Special Forces Group of the United States Army National Guard

The 19th Special Forces Group (Airborne) (19th SFG(A)) is one of two Army National Guard groups in the United States Army Special Forces, along with the 20th Special Forces Group. The group is headquartered at Camp Williams, Utah, and has elements in California, Washington, Rhode Island, West Virginia, Ohio, Montana, Colorado, and Texas.

Like other Special Forces units, the 19th SFG(A) is trained for missions such as unconventional warfare, foreign internal defense, direct action, special reconnaissance, and counter-terrorism. The Utah National Guard describes the group as preparing and deploying special operations forces for missions around the world. As an Army National Guard unit, its elements may also respond to homeland threats, disasters, and other domestic missions when directed by their state governors.

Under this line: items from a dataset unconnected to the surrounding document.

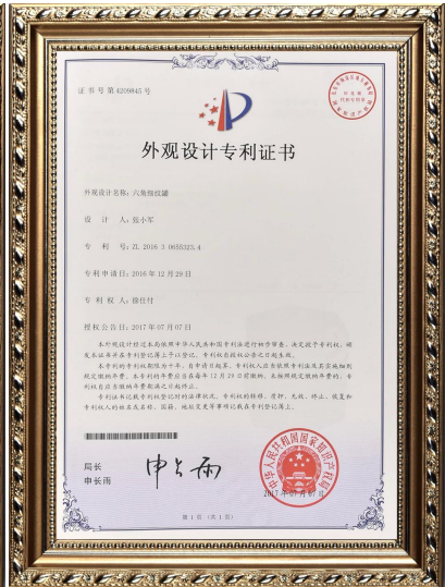
ISO 9001: 2015 Corporate intellectual property Patent no.: 201630655323.4
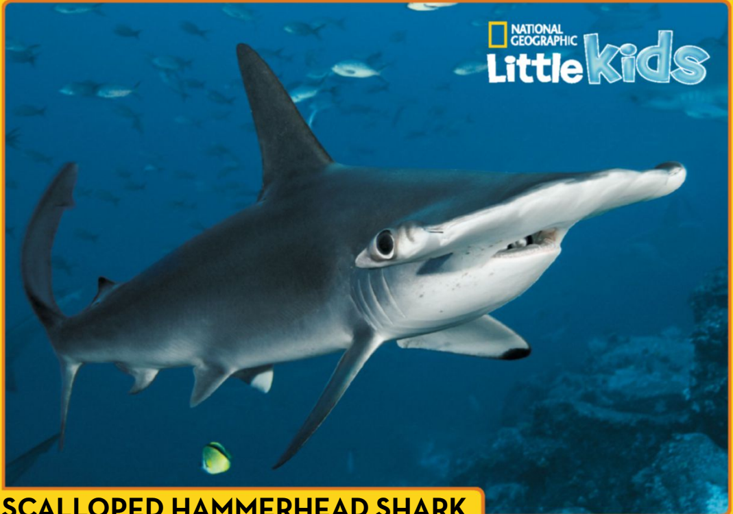
SCALLOPED HAMMERHEAD SHARK
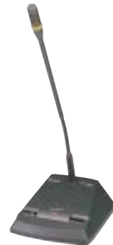
SX-D100A Delegate's Unit
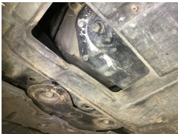
under engine bay
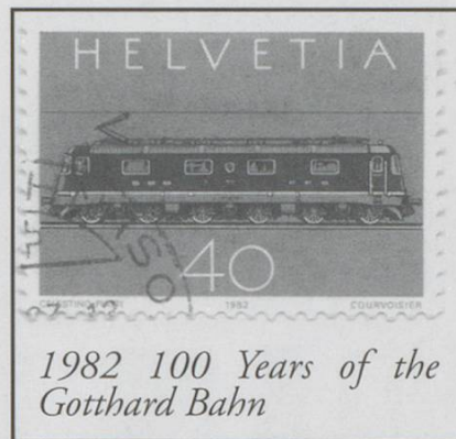
1982 100 Years of the Gotthard Bahn

In addition there have been air-mail series, stamps issued for use by soldiers on active service, and stamps given to charitable institutions and hospitals. Beyond that there are issues by United Nations and other Swiss based organisations. Special issues for use by mobile post offices in the 40s and 50s show postbuses of the era.

Current Army special operations doctrine states that Special Forces groups are regionally oriented and aligned to support combatant commanders and theater Army objectives.

==History==

===World War II lineage===

The 19th Special Forces Group traces its official parent-unit lineage to the First Special Service Force, a joint American-Canadian special operations unit formed during World War II. The parent unit was constituted on 5 July 1942 in the Army of the United States as the 1st Company, 1st Battalion, Third Regiment, First Special Service Force. It was activated on 9 July 1942 at Fort William Henry Harrison, Montana, and disbanded on 6 January 1945 in France.

The First Special Service Force was organized as a combined American-Canadian force trained for special operations in difficult terrain and winter conditions. U.S. Army Special Forces groups trace their official lineage to the First Special Service Force, whose wartime service included operations in the Aleutian Islands, Italy, southern France, and the Rhineland.

===Constitution and Army National Guard organization===

The headquarters of the modern 19th Special Forces Group was reconstituted on 15 April 1960 in the Regular Army as Headquarters, 19th Special Forces Group, 1st Special Forces. On 1 May 1961, it was withdrawn from the Regular Army, allotted to the Army National Guard, and organized from existing units in Utah with headquarters at Fort Douglas.

During the 1960s and 1970s, the group was repeatedly reorganized as Special Forces units were aligned across several state Army National Guards. In 1963, the group consisted of elements in the Utah and Montana Army National Guard, and its headquarters location changed to Salt Lake City. By 1966, it included elements in Utah, Montana, Maryland, Rhode Island, New York, and West Virginia. In August 1967, the group was reported to be conducting training at Camp W. G. Williams for members of the Salt Lake County Jeep Posse, including instruction in guard work and escape-and-evasion procedures. A further reorganization between December 1967 and March 1968 added Colorado. During Exercise Wildcat in July 1968, about 1,300 members trained at Camp W. G. Williams and in nearby mountain areas, including night parachute infiltration, raids, ambushes, weapons, demolitions, communications, medical aid, intelligence, and air operations training. Later that week, the group hosted National Guard Special Forces soldiers from Maryland, Montana, and Rhode Island for unconventional-warfare training in Wasatch, Utah, and Summit counties.

The group continued to change structure during the 1970s. Between September 1972 and February 1973, it consisted of elements in Utah, Montana, New York, West Virginia, and Colorado. In 1975, it was reorganized to consist of elements in Utah, Montana, West Virginia, and Colorado. Rhode Island was again included in 1979, and later that year the group was reorganized to consist of elements in Utah, West Virginia, Colorado, and Rhode Island.

On 1 September 1996, the 19th SFG was reorganized to consist of elements in the Utah, California, Colorado, Ohio, Rhode Island, Washington, and West Virginia Army National Guards.

===Global War on Terrorism===

After the September 11 attacks, elements of the 19th SFG(A) supported Operation Enduring Freedom in Afghanistan. The U.S. Army Center of Military History identifies the 19th Special Forces Group as part of the special operations forces operating in Afghanistan during the early phase of the war, alongside the 5th Special Forces Group and the 160th Special Operations Aviation Regiment. The same history states that the 19th SFG(A), a National Guard unit from several states, later replaced the 5th Special Forces Group in Afghanistan.

Alpha Company, 1st Battalion, 19th SFG(A), also supported operations connected to the 2003 invasion of Iraq. After deploying to Kuwait in 2002 in support of Operation Desert Spring, the company trained with Kuwaiti forces and later prepared to support combat operations in Iraq. During the invasion, its operational detachments served primarily as Special Forces liaison elements with U.S. and coalition conventional forces, including the I Marine Expeditionary Force, 101st Airborne Division, 3rd Infantry Division, and British forces.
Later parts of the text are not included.